• [Provided material]
##########

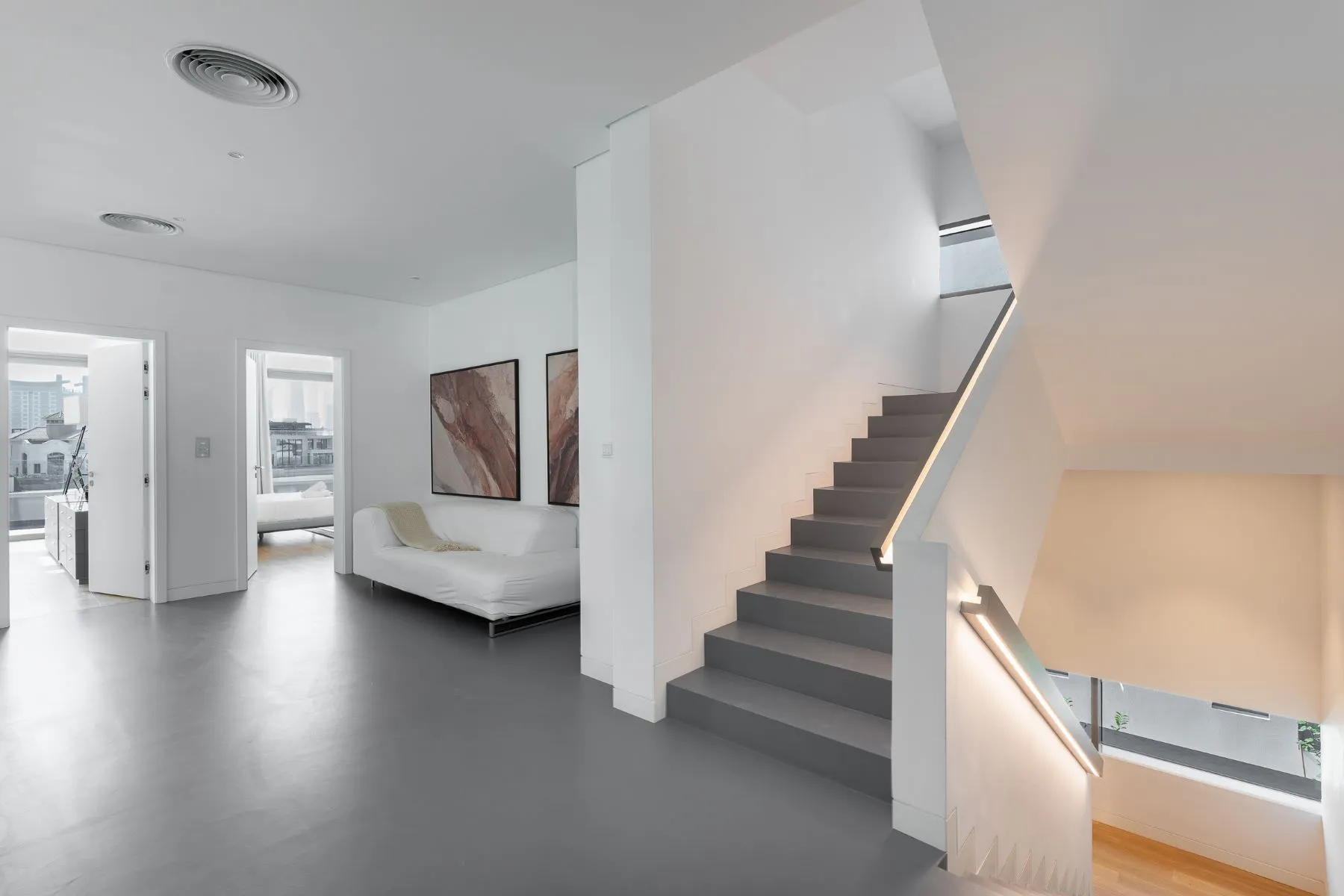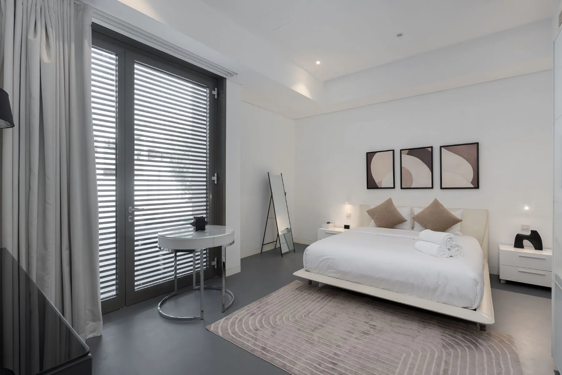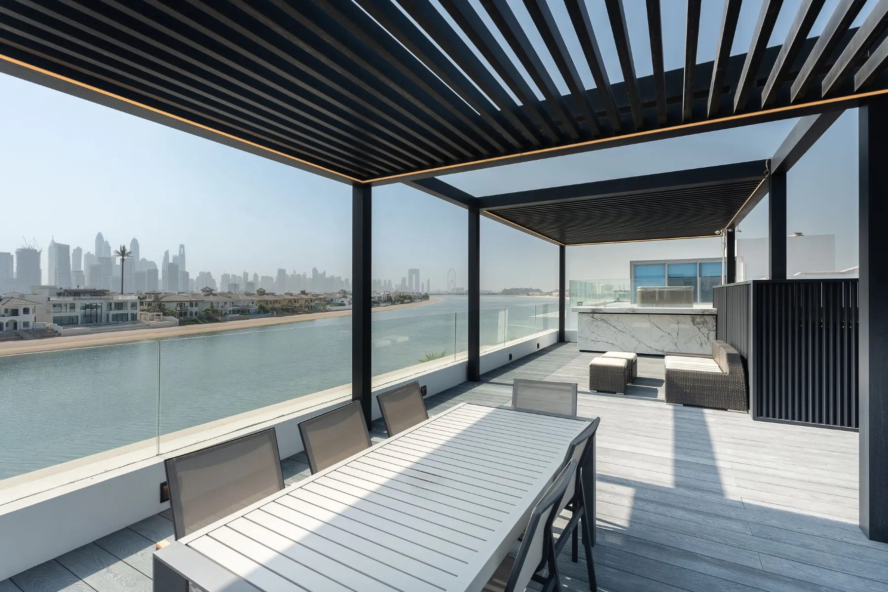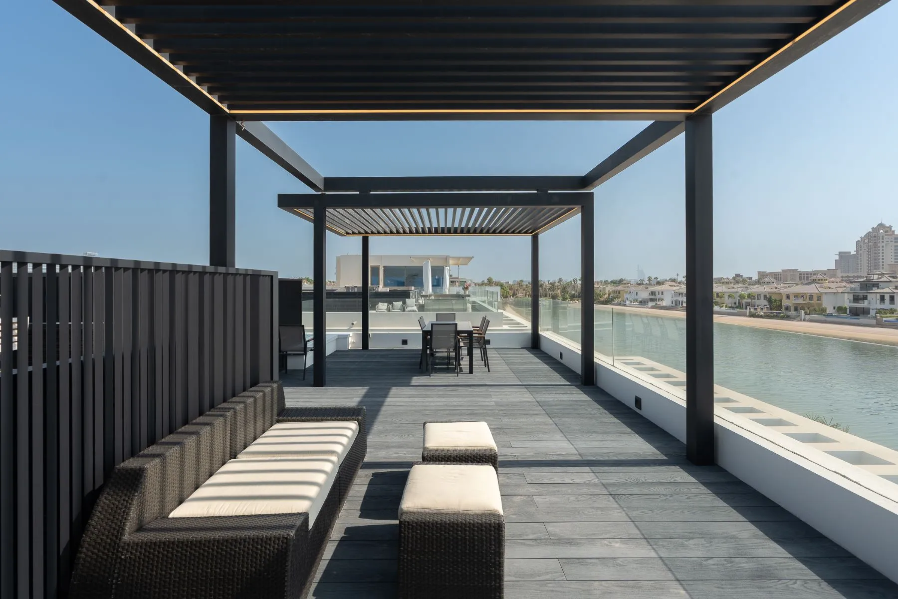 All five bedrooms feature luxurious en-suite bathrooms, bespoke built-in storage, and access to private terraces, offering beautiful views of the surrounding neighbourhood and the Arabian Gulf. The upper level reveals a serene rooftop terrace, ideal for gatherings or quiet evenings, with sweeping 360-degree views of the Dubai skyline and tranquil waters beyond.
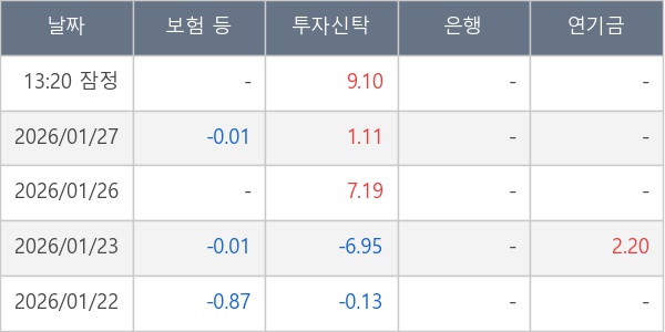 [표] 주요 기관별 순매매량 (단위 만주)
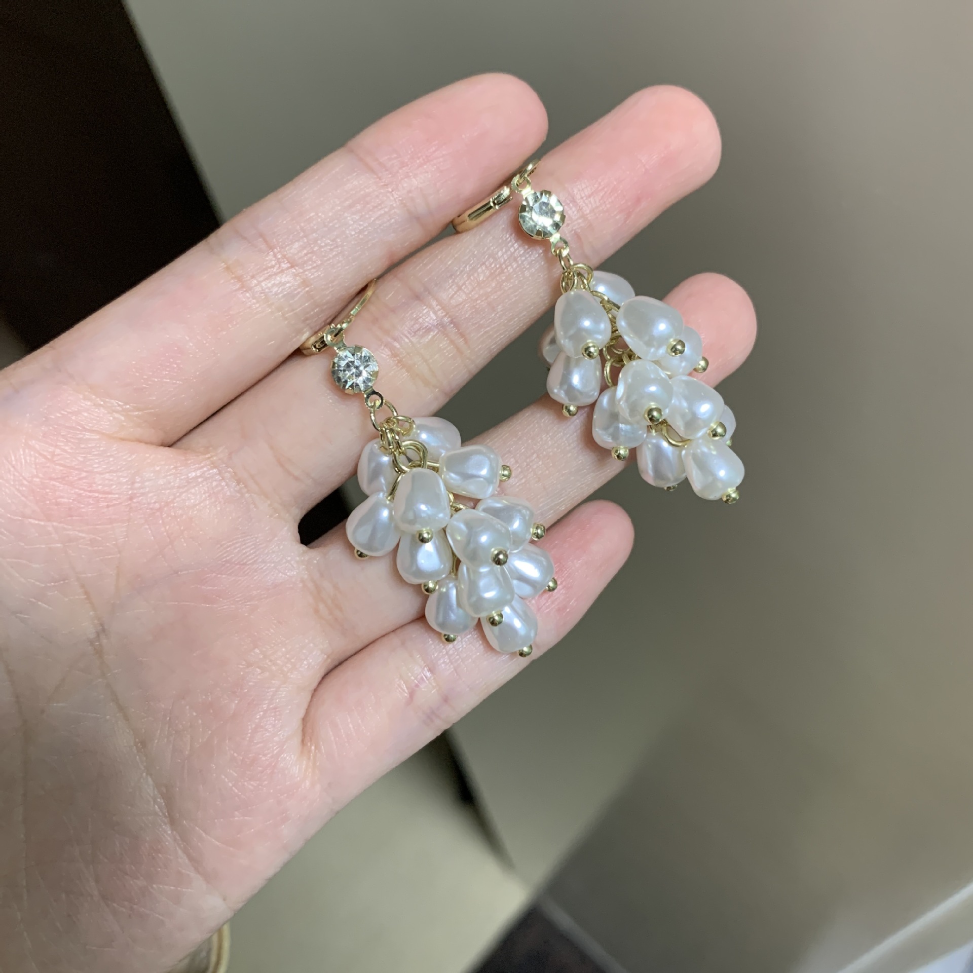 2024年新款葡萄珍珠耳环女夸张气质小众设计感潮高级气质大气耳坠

##########

Nothing but the lines from the one that holds "[표] 주요 기관별 순매매량 (단위 만주)" through the end of the data should appear, written out exactly, without pictures.

• [Response area]
 [표] 주요 기관별 순매매량 (단위 만주)
 2024年新款葡萄珍珠耳环女夸张气质小众设计感潮高级气质大气耳坠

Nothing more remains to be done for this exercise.